The Box and economics
I was just reading The Box, by Marc Levenson, and ran across this:
The third intellectual stream feeding into this book is the connection between transportation costs and economic geography, the question of who makes what where. This connection might seem self-evident, but it is not. When David Ricardo showed in 1817 that both Portugal and England could gain by specializing in making products in which they had a comparative advantage, he assumed that only production costs mattered; the costs of shipping Portuguese wine to England and English cloth to Portugal did not enter his analysis.
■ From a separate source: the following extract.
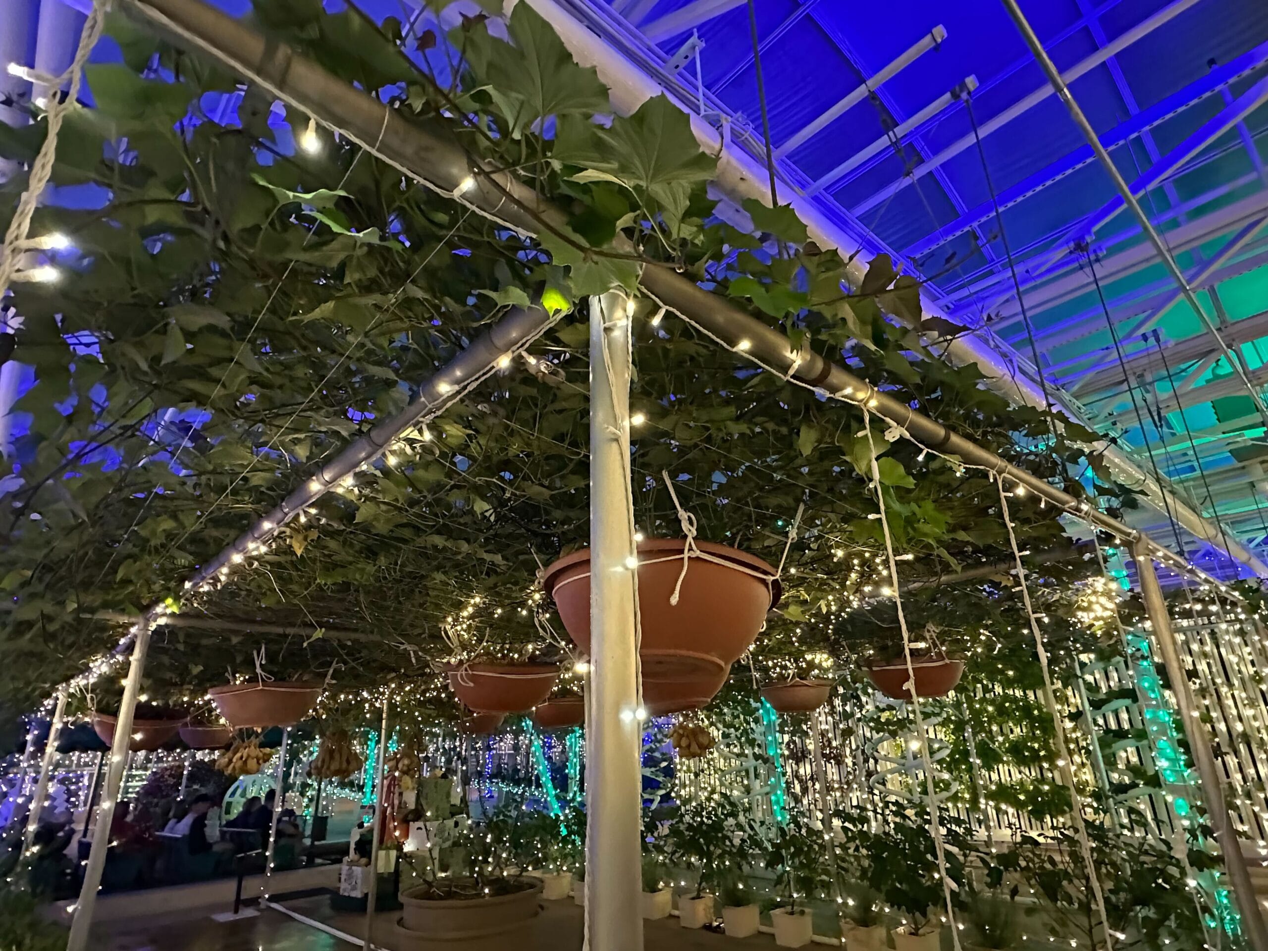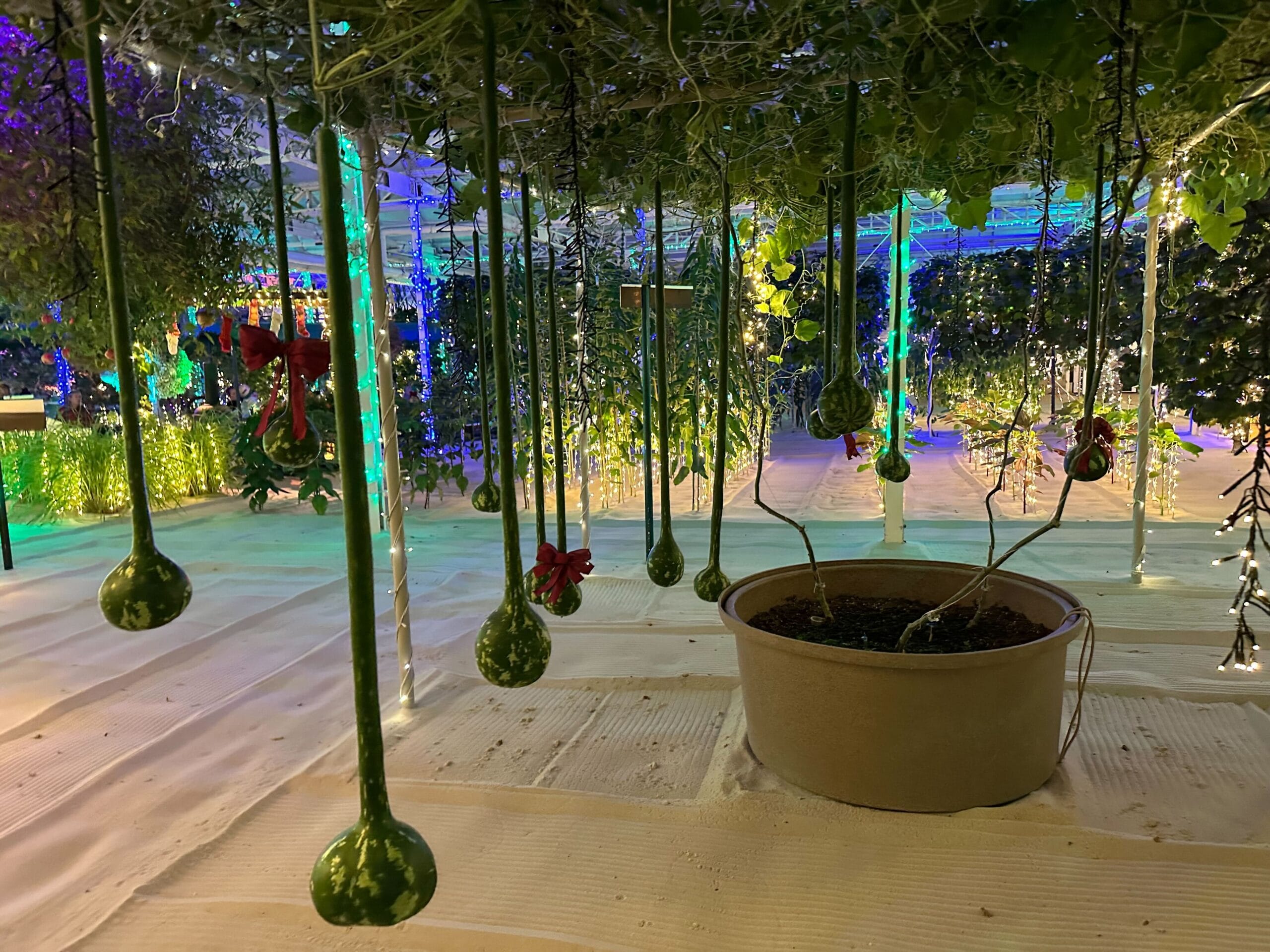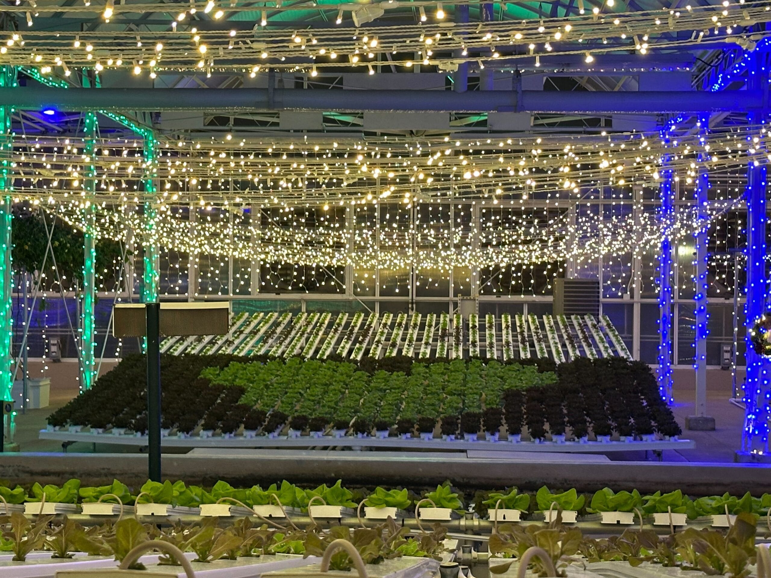 While the opening scenes of Living with the Land remain unchanged during the holidays, the greenhouses come alive with holiday flair. The living laboratory includes 5 distinct areas: Tropics Greenhouse, Aquacell, Temperate Greenhouse, String Greenhouse and Creative Greenhouse.

Ricardo's assumption that transportation costs were zero has been incorporated into economists' models ever since, despite ample real-world evidence that transportation costs matter a great deal.14
The real-world evidence he cites is:
In 1861, before the container was in international use, ocean freight costs alone accounted for 12 percent of the value of U.S. exports and 10 percent of the value of U.S. imports. "These costs are more significant in many cases than governmental trade barriers," the staff of the Joint Economic Committee of Congress advised, noting that the average U.S. import tariff was 7 percent.7
One of the claims Levenson makes is that containerized shipping reduced the costs of transportation, to the point that the friction of distance is effectively zero.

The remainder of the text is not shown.